Um amigo profissional do foro, com muita experiência em processos-crime, transmitiu-me a seguinte opinião técnica ("apressada", nas suas palavras) sobre o tema que ocupou as minhas duas últimas crónicas no Jornal Tribuna de Macau (por questões gráficas, editei ligeiramente a apresentação do texto recebido):
«Sou da opinião que o acesso ao conteúdo das telecomunicações por parte das autoridades de investigação criminal exige a decisão fundamentada de um juiz de instrução para a apreensão, o que pressupõe processo pendente e as necessárias suspeitas para a abertura anterior do processo. Nada de prevenção policial, que é figura estranha aos conceitos jurídico-processuais.
Sou da opinião que essa exigência não se estende à identidade de quem comunica, salvo se essa identidade fizer parte do próprio conteúdo da comunicação. Isto é, a título de exemplo, o polícia pode ver o envelope e ler a identidade do destinatário e do remetente, mas não pode abrir a carta e ler o conteúdo (mutatis mutandis para as comunicações na net). Mas tem de fazê-lo com razões para isso e não para satisfação da sua curiosidade. E, se isso implicar apreensão da carta, só com decisão do juiz de instrução. De contrário, se se aceder ao conteúdo, haverá crime; portanto, responsabilidade criminal, civil e disciplinar e nulidade da prova assim obtida, a qual não poderá ser valorada. Se se aceder à identidade sem fundamento, não haverá crime, mas só as outras duas formas de responsabilidade, e a prova obtida será nula. Quem colaborar indevidamente com a polícia pode ainda ter responsabilidade contratual.
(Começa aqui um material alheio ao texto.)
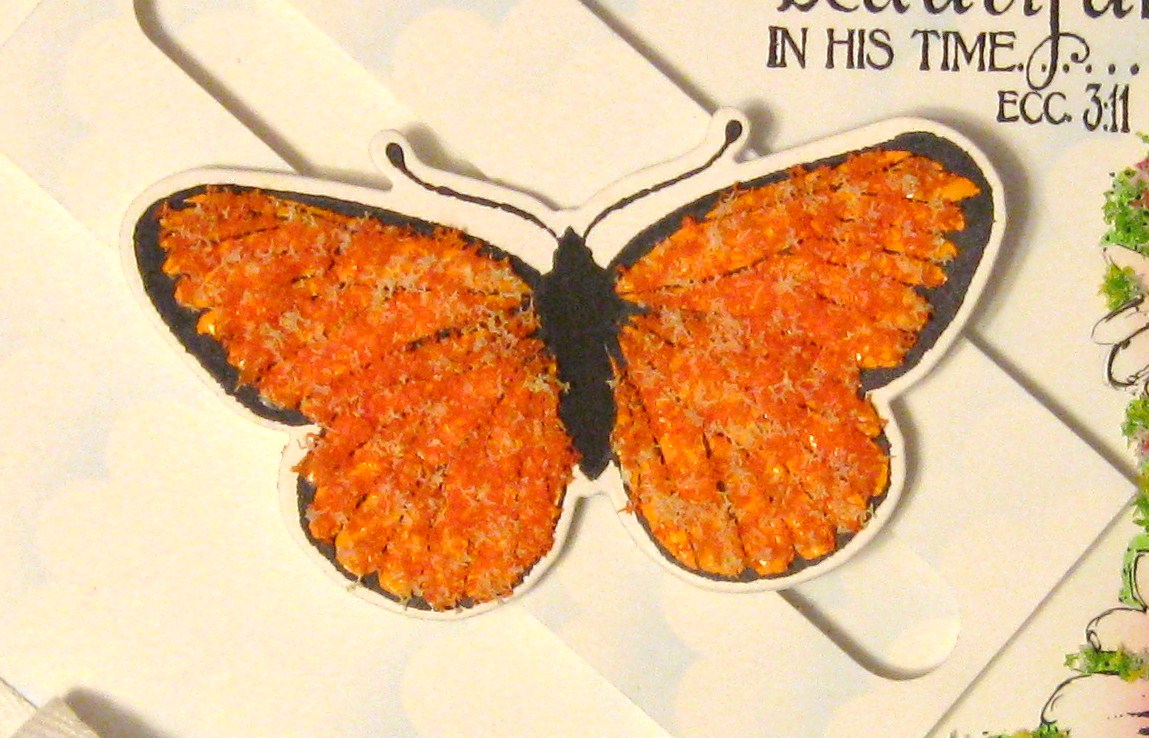 Here is the finished butterfly using Marigold Flower Soft. To make the butterfly spin, just tilt the card from side to side and it will roll from one end of the spinner panel to the next.
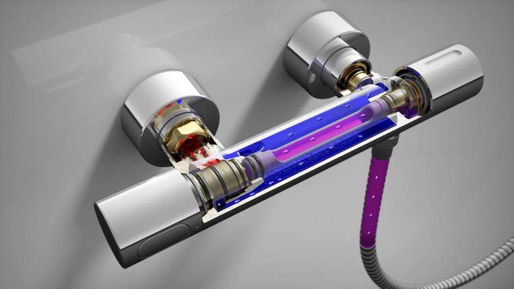 恒温花洒靠阀芯自动混水,阀芯有「石蜡」和「记忆金属弹簧(也叫SMA弹簧)」两种。
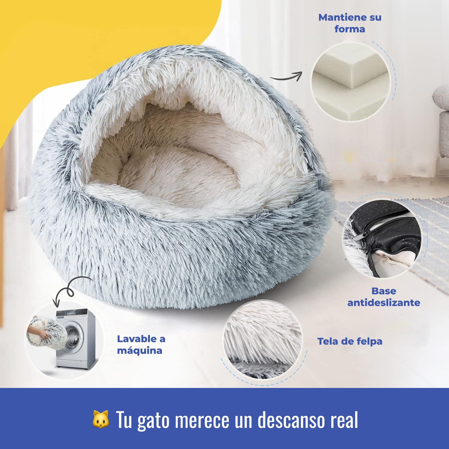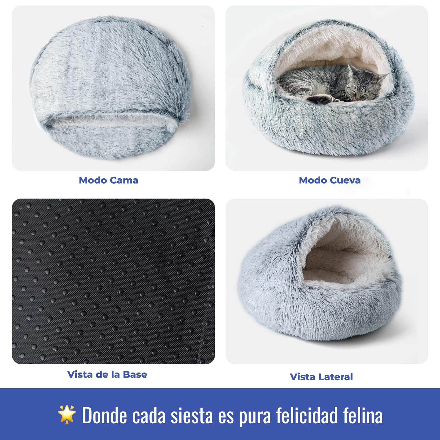 Diseñada con materiales de alta calidad, nuestra cueva proporciona el descanso ideal para que tu gato se sienta seguro y mimado.
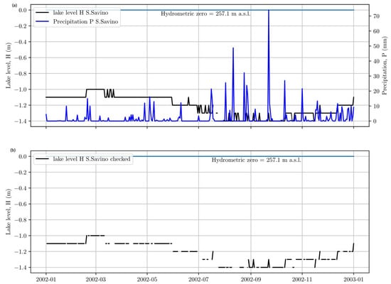 The validation check has been specifically applied to periods where the lake level is erroneously fluctuating between two values but it was not raining, as for example, around March 2002 (Figure 4). However, quite long periods of persistence of the lake level are probably due to the fact that indeed some weak rainfalls do not change the lake level significantly. This control, although elementary, provides a way of eliminating invalid data, which have been then disregarded in the following analysis. The final result, i.e., the validated data series of the lake level, is shown in Figure 4b for the period January 2002–January 2003, as an example.
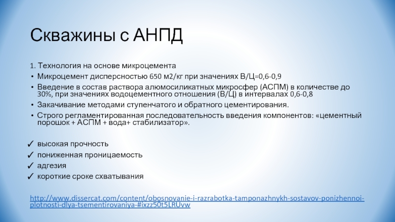 Слайд 1Технология и материалы цементирования скважин в условиях аномально низких пластовых и

Em síntese, o nível de suspeita é que determina o regime:
1) Eu envio um email - ninguém pode ter acesso ao seu conteúdo, nem à identidade dos comunicantes;
2) Há razões para pensar que somos imigrantes ilegais ou que temos comportamentos marginais - pode saber-se a nossa identidade, mas não o que dizemos. Mas com meios que não recorram a nada ofensivo de qualquer direito individual, como entrada em casa, no nosso computador, etc.;
3) Há razões para pensar que o email se destina a combinar um assalto - pode ter-se acesso ao conteúdo e à identidade. Mas só no processo penal respectivo e com decisão.
O problema é que não há qualquer processo na situação 2) e, aí, os abuso policiais são dificilmente controláveis.»